Authors: 1st Author- Shafaque Ahmareen, 2nd Author – Alreem Alabdouli (me), 3rd Author – Sirisha Polturi
Paper in the 5th International Conference on Image Processing and Capsule Networks Titled "MNSIT Handwritten Digit Recognition using CNN"
Start Date: May 2024
End Date: 3 – 4 July 2024
Research Field: CNN, Deep Learning
Subfield: Computer Science
Status: Published
Publisher: IEEE
Publication Date: September 2024
DOI: 10.1109/ICIPCN63822.2024.00018
URL : IEE Xplore-MNSIT Handwritten Digit Recognition using CNN
Research question: This research study uses the MNIST dataset to investigate how Convolutional Neural Networks (CNN) might be used to recognize handwritten numbers. From collecting data to evaluating models, it covers it all.
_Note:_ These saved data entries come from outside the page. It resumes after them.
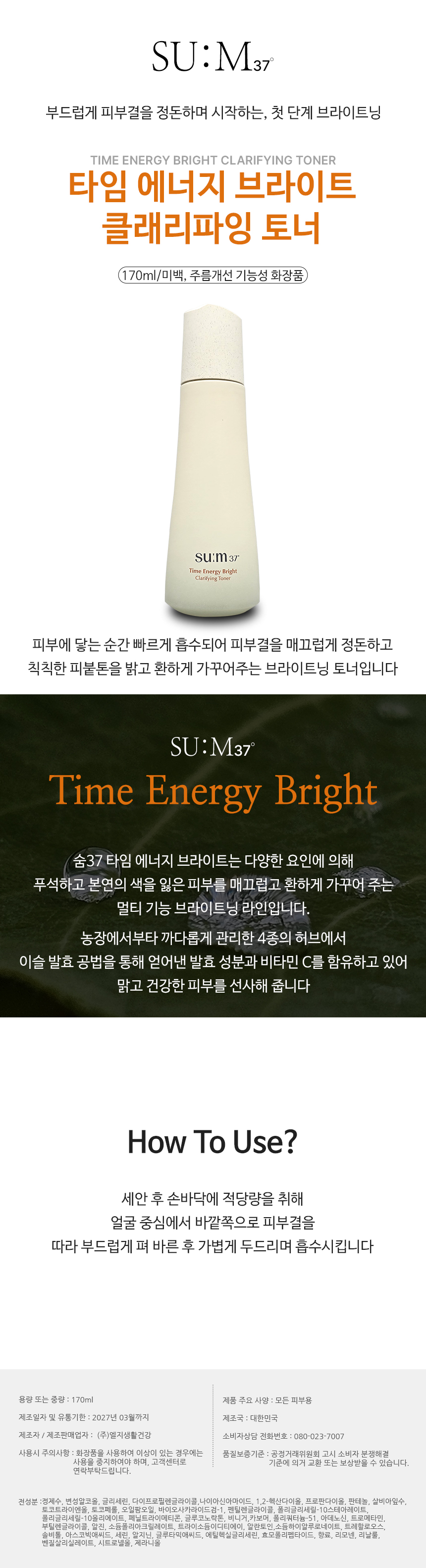 숨 타임 에너지 브라이트 클래리파잉 토너 170ml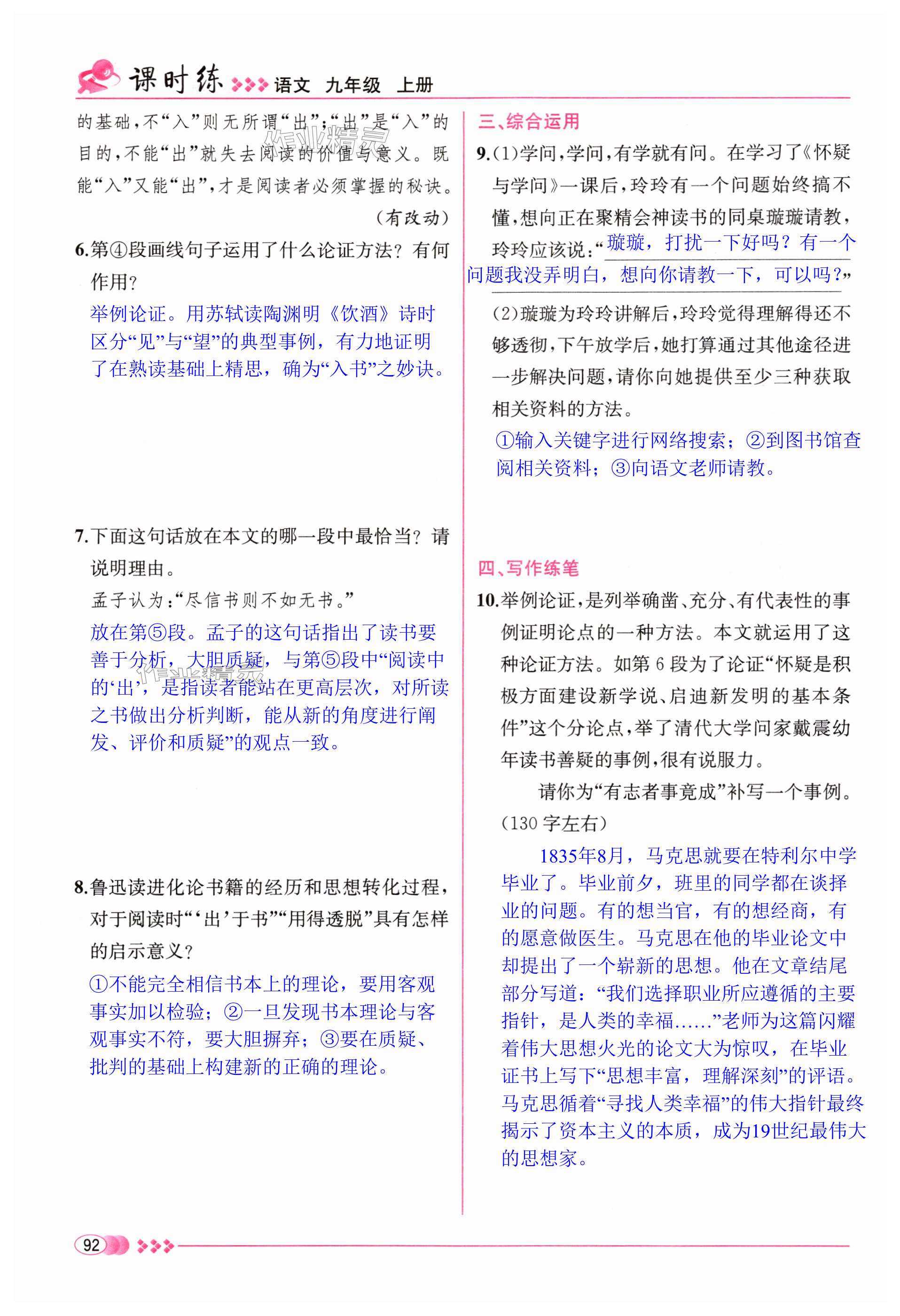注:目前有些书本章节名称可能整理的还不是很完善,但都是按照顺序排列的,请同学们按照顺序仔细查找。练习册 2024年同步导学案课时练九年级语文上册人教版 答案主要是用来给同学们做完题方便对答案用的,请勿直接抄袭。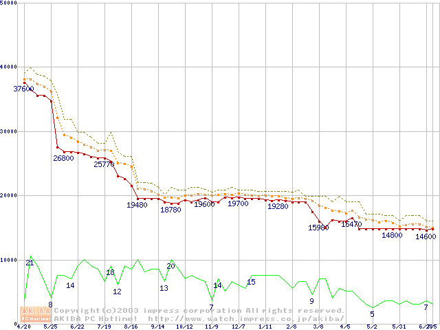 Athlon MP 2000+ (1.67GHz) リテールパッケージの価格推移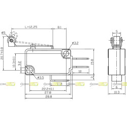 Mikrospínač 3pin; s páčkou-valček; ON-(ON); 10A/250VAC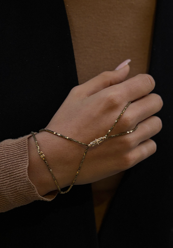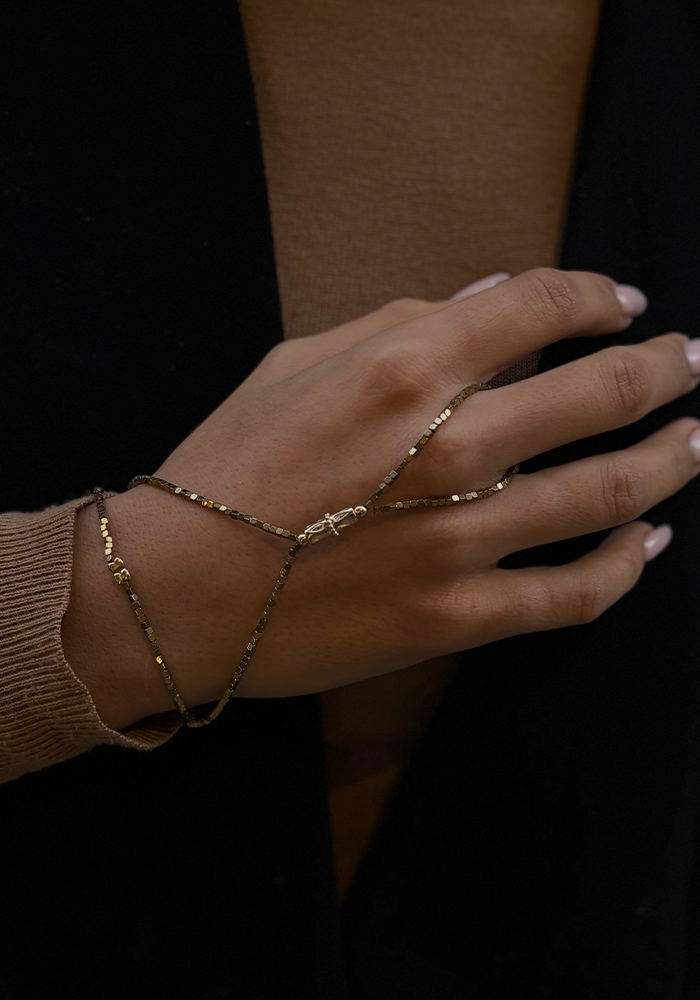 Bijou de main Manon à 2 tours, composé d'hématites carrées, d'un tube gravé de gouttes et encerclé de deux boules.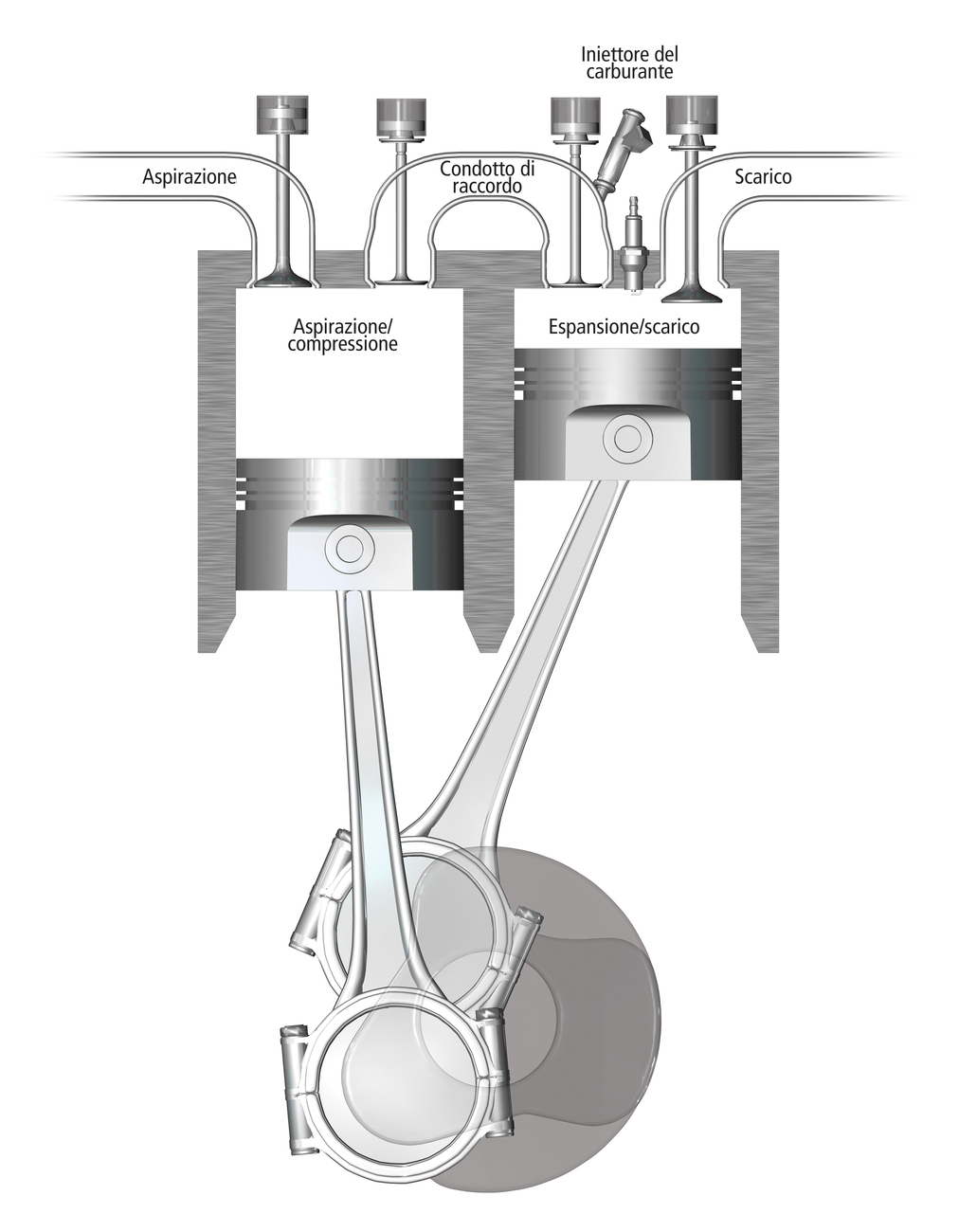 Stejně jako u předchozího odstavce, ani v tomto případě nejde o úplnou novinku. Myšlenka motoru s rozdělnými cykly je známá již od samého počátku dvacátého století. Počítá s rozdělením čtyřdobého motoru mezi dva válce. První slouží k sání a ke kompresi, zatímco druhý spaluje palivo a vypouští odpadní plyny. Zajímavým doplňkem je možnost regeneračního brzdění, při kterém kompresní válec generuje stlačený vzduch do zásobníku k pozdějšímu využití pro spalování. Celá myšlenka je v základu dobrá, jelikož čtyřdobý motor tak může pracovat ne čtvrtinu, ale celou polovinu doby trvání cyklu. Navíc stlačený vzduch vycházející z prvního válce do druhého je možné ještě dochladit a pomoci tak s emisemi. Společnost Scuderi Group se pyšní výkonem 135 koní na litr objemu, vyšší účinností i nižšími emisemi. V souvislosti s touto technologií vlastní firma mnoho patentů a podepsala také smlouvy o spolupráci s předními automobilovými výrobci. Bohužel se nedávno ukázalo, že celá slibná technologie je pouze věrohodným nápadem zakrývajícím klasické Ponziho pyramidové schéma vykutálených vlastníků. Ačkoliv prvotní simulace nového motoru vypadaly slibně, původní vlastníci se k firmě nyní nehlásí a ta čelí několika žalobám ze strany investorů, mezi kterými je i jedna z poboček Toyoty.

We feed the preprocessed MNIST dataset into a CNN.
Paper Summary
This research uses the MNIST dataset to implement Convolutional Neural Networks (CNN) for recognizing handwritten digits. The project involves fine-tuning CNN layers, such as convolutional, max pooling, and dense layers, using various hyperparameters like optimizers and learning rates to enhance model performance. Batch normalization techniques were also explored to increase accuracy and generalization. The study demonstrates how CNN models can effectively classify handwritten digits, achieving high accuracy rates on both training and test datasets, laying the groundwork for future improvements in image processing and real-time applications.